If you’ve ever wondered over the
deed to your homestead or the strange designations you’ve seen in your real
estate tax bill, you’ve come face to face with a legal description.
Ever since man started slicing up
the earth and deciding which pieces of it belonged to whom, there has been
a need for defining exactly where any given piece of land might lay.
In early Britain, this was handled in a memorable fashion: the policy was
to take a young child from the neighborhood, lead him one by one, to the
corners of the tract of land in question, then give him a severe thrashing
at each location.
The theory was that the child
would long remember each spot (if beaten with sufficient gusto) and could
testify to it’s location long into the future.
Today’s coddled children have it
easy: we just record a survey at the county recorder’s office, but when we
walk around the perimeter of a property, we still call it, “beating the
bounds”. That’s how the phrase originated.
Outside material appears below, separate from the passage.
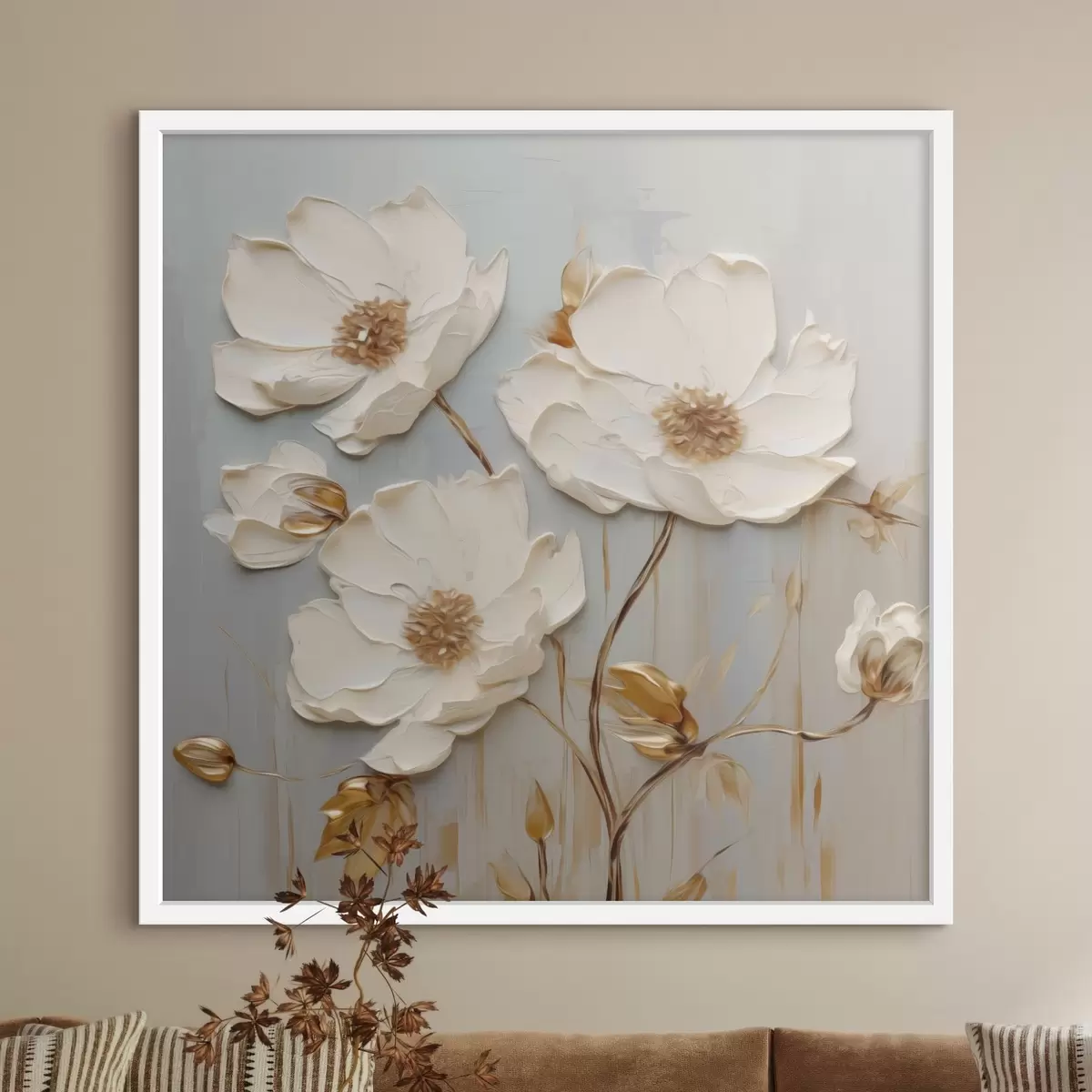 Poster Reliefartige weiße Blüten mit warmen Blättern Nr f48093

In most of the United States,
rural land is described according to what is referred to as Government or
Rectangle Survey, or less frequently, the Public Land Survey System, or much
less frequently, the Aliquot system. It's
used in thirty of the most rural states, including Alaska, but excluding
Texas.
Here's how that works:
First of all, a series of
base-marks has been established for all of the continental U.S.
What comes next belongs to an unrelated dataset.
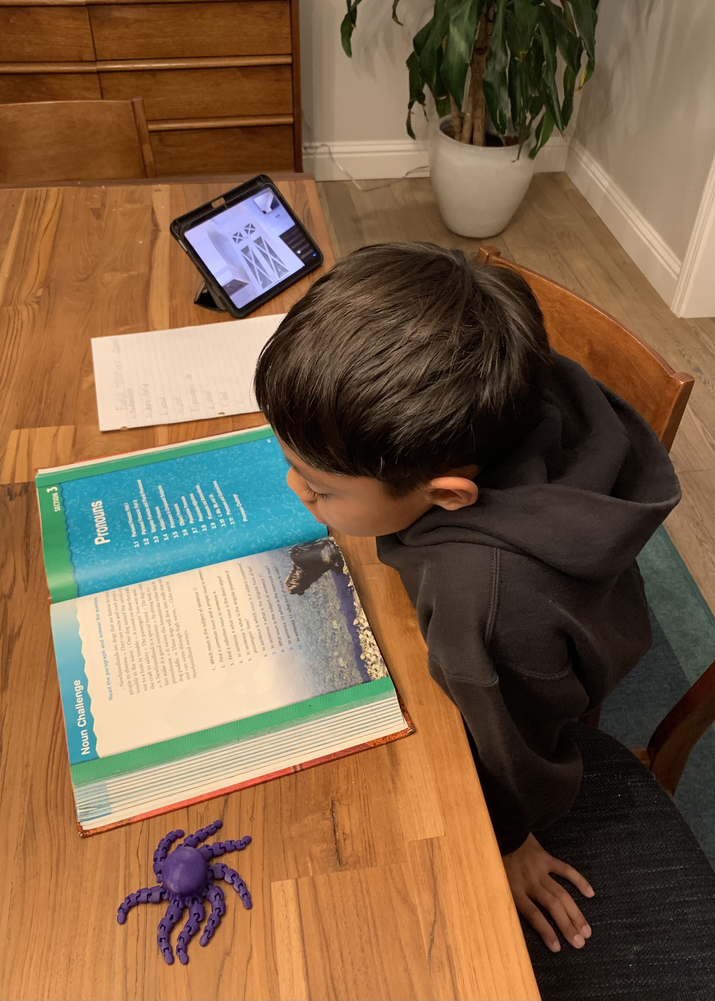 Carson and Hudson were doing their homework together via FaceTime (I think). I couldn’t help but hover a bit, out of curiosity, as they worked on a grammar assignment. Hudson’s mom was on the other end advising him. LOL – she and I both got stuck on sentence 7: find the “noncount noun.”

Lines running north to south are referred to as "meridians" and east-west
lines are called "base-lines".
Here's a map showing all the
meridians and baselines.
You'll notice that the Meridians
converge as they go north. That, of course, is because of the
curvature of the earth. Most of the effort involved in this sort of
land description relates to different ways to describe squared boundaries on a
spherical globe. It's like trying to put a postage stamp on an
orange, you've got to figure out ways to iron out the wrinkles.

Starting from a baseline and a meridian line Township
Lines and Range Lines lay out a grid of six-mile square blocks. For
example, the first line six miles north of the Base Line is named Township
1 North of the Base line and the first line six miles west of the
Meridian is Range 1 West of the Principle Meridian. The block that
those two lines form is called Township 1 South, Range 1 East, or T1S,R1E.